Model Architecture and Training Paradigm
Open-o3 Video builds upon Qwen2.5-VL-7B and employs a two-stage training paradigm:
- Cold-Start Initialization: Supervised fine-tuning on STGR-CoT-30k equips the model with basic spatio-temporal grounding and structured reasoning output. This stage mitigates reward sparsity and stabilizes subsequent RL optimization.
- Reinforcement Learning with GSPO: The model is further optimized using Group Sequence Policy Optimization (GSPO), which operates at the sequence level, aligning optimization with sequence-level rewards and stabilizing long-horizon training. The composite reward function incorporates answer accuracy, temporal alignment, and spatial precision.
Figure 3: The two-stage training paradigm: (a) cold-start initialization for structured outputs; (b) RL with composite rewards, adaptive temporal proximity, and temporal gating.
Reward Design
- Accuracy Reward: Task-specific, using exact match for MCQ, ROUGE for free-form QA, visual IoU for spatial grounding, and temporal IoU for temporal grounding.
- Thinking Reward: Sum of temporal and spatial terms. Temporal reward uses adaptive temporal proximity, annealing the precision requirement over training to avoid reward sparsity. Spatial reward employs temporal gating, computing IoU only when temporal predictions are sufficiently accurate.
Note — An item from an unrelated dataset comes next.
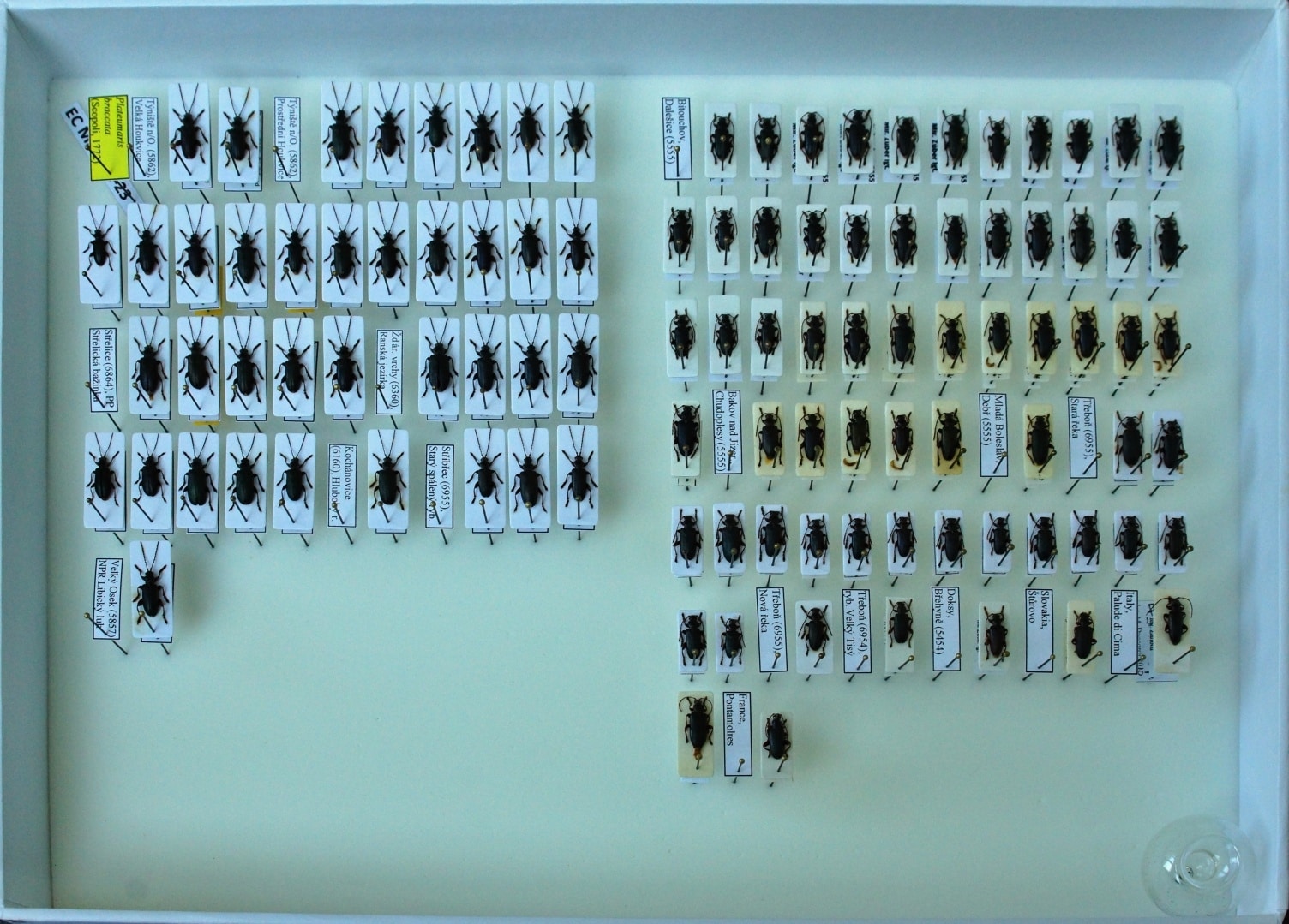 Roman Mlejnek coll., sbíráno na různých lokalitách v Čechách, také jsou zde exempláře z Itálie a Francie. V krabici je 103 ks, zbývajících 6 ks je v krabici č. 34.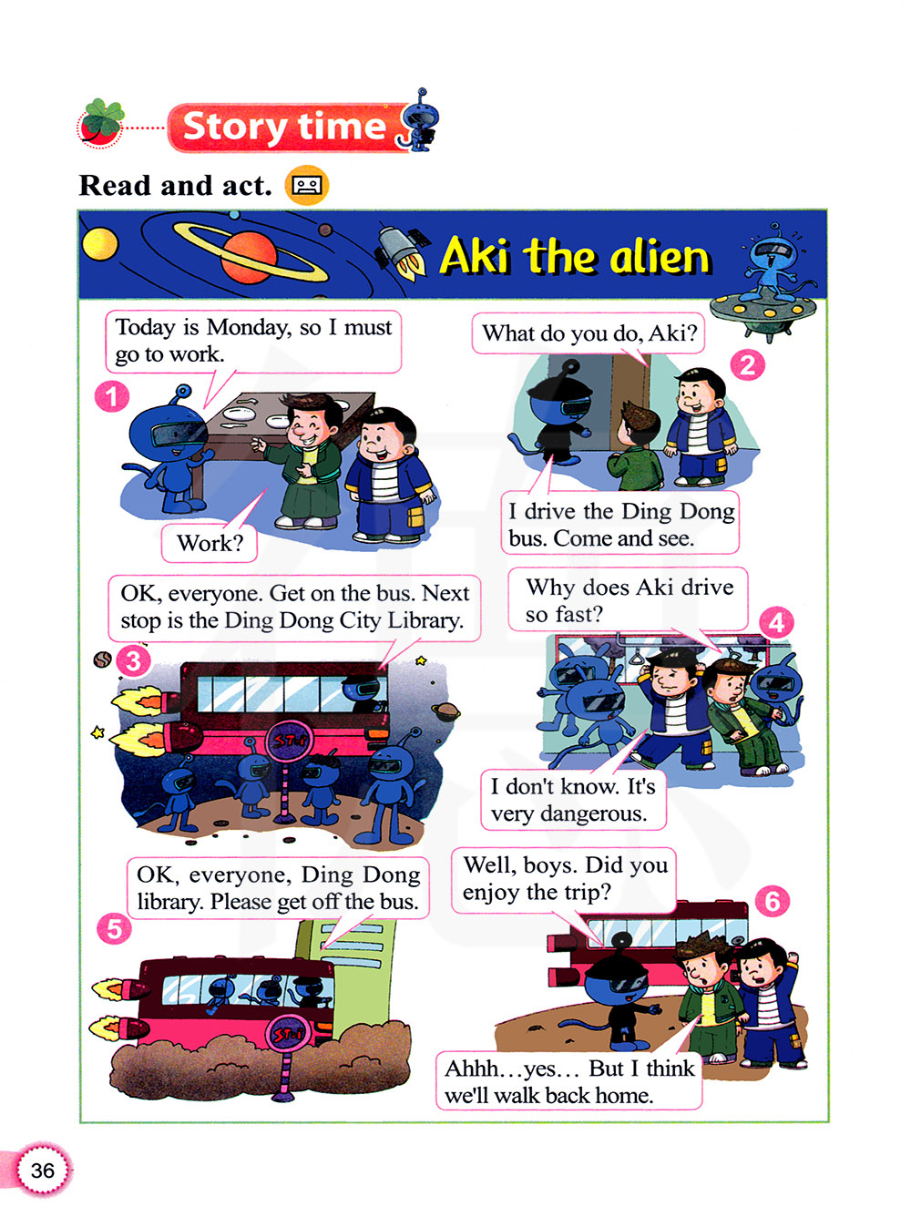 好了,各位。上车吧。下一站是叮咚城市图书馆

- Format Reward: Enforces strict usage of structured reasoning formats.
Experimental Results
Open-o3 Video is evaluated on V-STAR, VideoMME, WorldSense, VideoMMMU, and TVGBench. On V-STAR, it achieves state-of-the-art performance, surpassing GPT-4o and Qwen2.5-VL-7B by +14.4% mAM and +24.2% mLGM. The model demonstrates robust gains in temporal and spatial grounding, as well as general video QA and perception-oriented tasks.
Qualitative Analysis
Open-o3 Video provides explicit spatio-temporal evidence in its reasoning traces, enabling confidence-aware test-time scaling. By generating multiple responses with spatio-temporal traces and scoring the relevance of visual regions, the model supports confidence-weighted voting, which outperforms naive majority voting and improves inference reliability.
Figure 4: Confidence-aware test-time scaling leverages spatio-temporal traces for evidence relevance scoring and robust prediction selection.
Figure 5: On appearance perception tasks, Open-o3 Video provides correct answers and explicit spatio-temporal evidence, enhancing interpretability.
Figure 6: For action recognition, the model precisely localizes both the time and location of the action, outperforming Video-R1.
Figure 7: In weather reasoning, Open-o3 Video identifies more effective supporting evidence compared to related models.
Ablation Studies
Ablation experiments confirm the effectiveness of the two-stage training strategy, GSPO over GRPO, and the necessity of high-quality spatio-temporal annotations. Adaptive temporal proximity and temporal gating in the reward function are shown to be critical for coupling temporal and spatial grounding. The inclusion of curated spatio-temporal data yields substantial improvements in grounding metrics.
Implications and Future Directions
Open-o3 Video demonstrates that explicit spatio-temporal grounding is feasible and beneficial for video reasoning models. The framework enhances interpretability, verifiability, and robustness, providing a foundation for evidence-aware inference and scalable test-time strategies. The results suggest that future research should focus on extending spatio-temporal grounding to longer and more complex videos, integrating audio modalities, and developing richer supervision for fine-grained object localization.
Conclusion
Open-o3 Video presents a unified framework for grounded video reasoning, generating explicit spatio-temporal evidence through timestamped frames and localized bounding boxes. The combination of curated data, structured annotation, and GSPO-based RL yields substantial improvements in answer accuracy, temporal alignment, and spatial grounding. The approach sets a new standard for interpretable and verifiable video reasoning, with broad implications for multimodal AI systems.